General information
- Type: Scale research flying boat glider
- National origin: Germany
- Manufacturer: Schempp-Hirth
- Designer: Wolf Hirth and Ulrich Hütter
- Status: unknown
- Number built: 1

History
- First flight: ?

= Göppingen Gö 8 =

Type of aircraft

The Göppingen Gö 8 was a 1/5 scale model of the Dornier Do 214, a large projected trans-atlantic long-range flying boat, designed by Dornier Werke GmbH in Germany during World War II. The Gö 8 was used primarily to validate the hydro-dynamic and aerodynamic properties of the Do 214.

==Design and development==
The Gö 8 was designed and built by Wolf Hirth and Ulrich Hütter / Schempp-Hirth at Göppingen. Construction was primarily of wood, with smooth surfaces, replicating the planing surfaces in scale. A retractable tailwheel undercarriage was installed in the hull.
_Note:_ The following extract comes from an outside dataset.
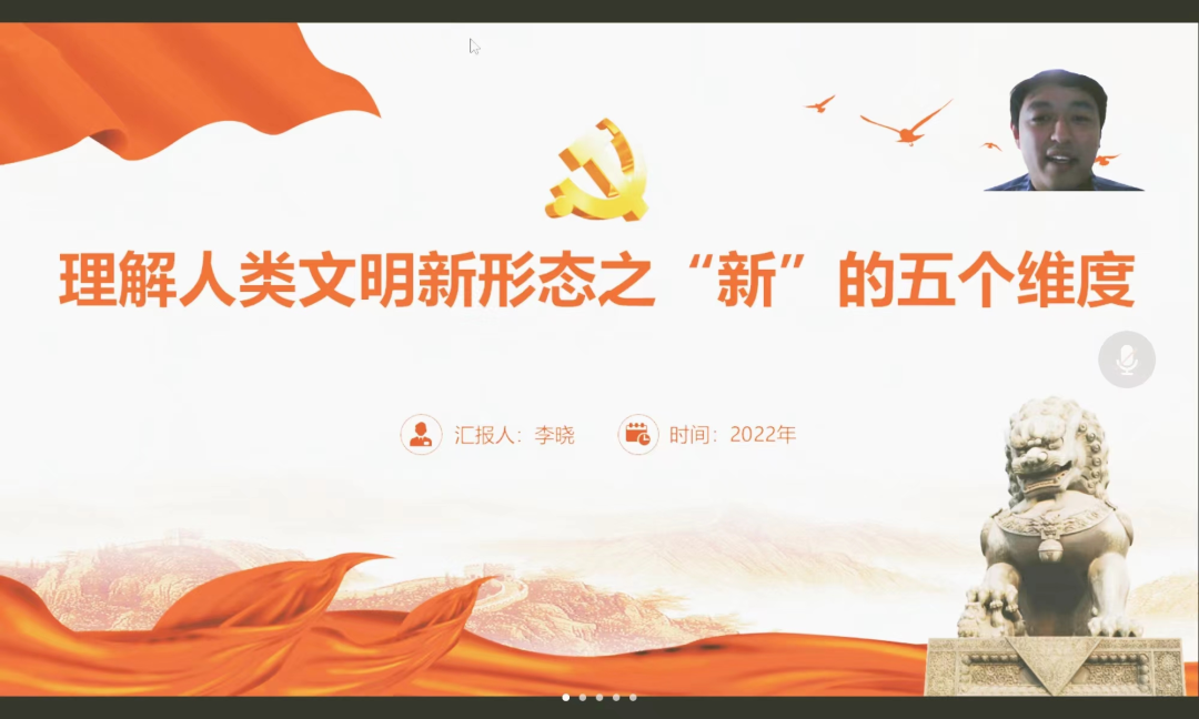 开展了以“理解人类文明新形态之‘新’的五个维度”为主题的宣讲活动。此次宣讲采用线上模式,由纲要教研室党支部书记李晓博士主讲,纲要教研室党支部党员、研究生支部党员、积极分子等五十余人参加会议。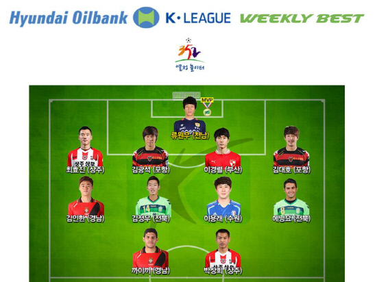 류원우는 이번 라운드 베스트11(4-4-2) 골키퍼 부문에도 뽑혔다. 투톱에는 박상희(상주)와 까이끼(경남), 베스트 미드필더에는 김인한(경남), 이용래(수원), 김정우, 에닝요(이상 전북)가 선정됐다. 김대호 김광석(이상 포항) 이경렬(부산) 최효진(상주)이 최고의 수비수로 이름을 올렸다. 베스트 수문장은 김선규(대전)였다. 16라운드 최고의 팀은 상주(총점 11.2)가 차지했고, 최고의 경기는 경남-울산전이었다.

The pilot sat under a long greenhouse canopy which followed the profiles of the proposed Do 214, giving good visibility. Accommodation for a flight test engineer was provided in the hull behind the pilot.

==Operational history==
The Gö 8 flight trials were undertaken at Oberpfaffenhofen, with hydrodynamic testing on Bodensee, towed by a motorboat. Further aerodynamic testing was carried out at the Göttingen aeronautical research laboratory.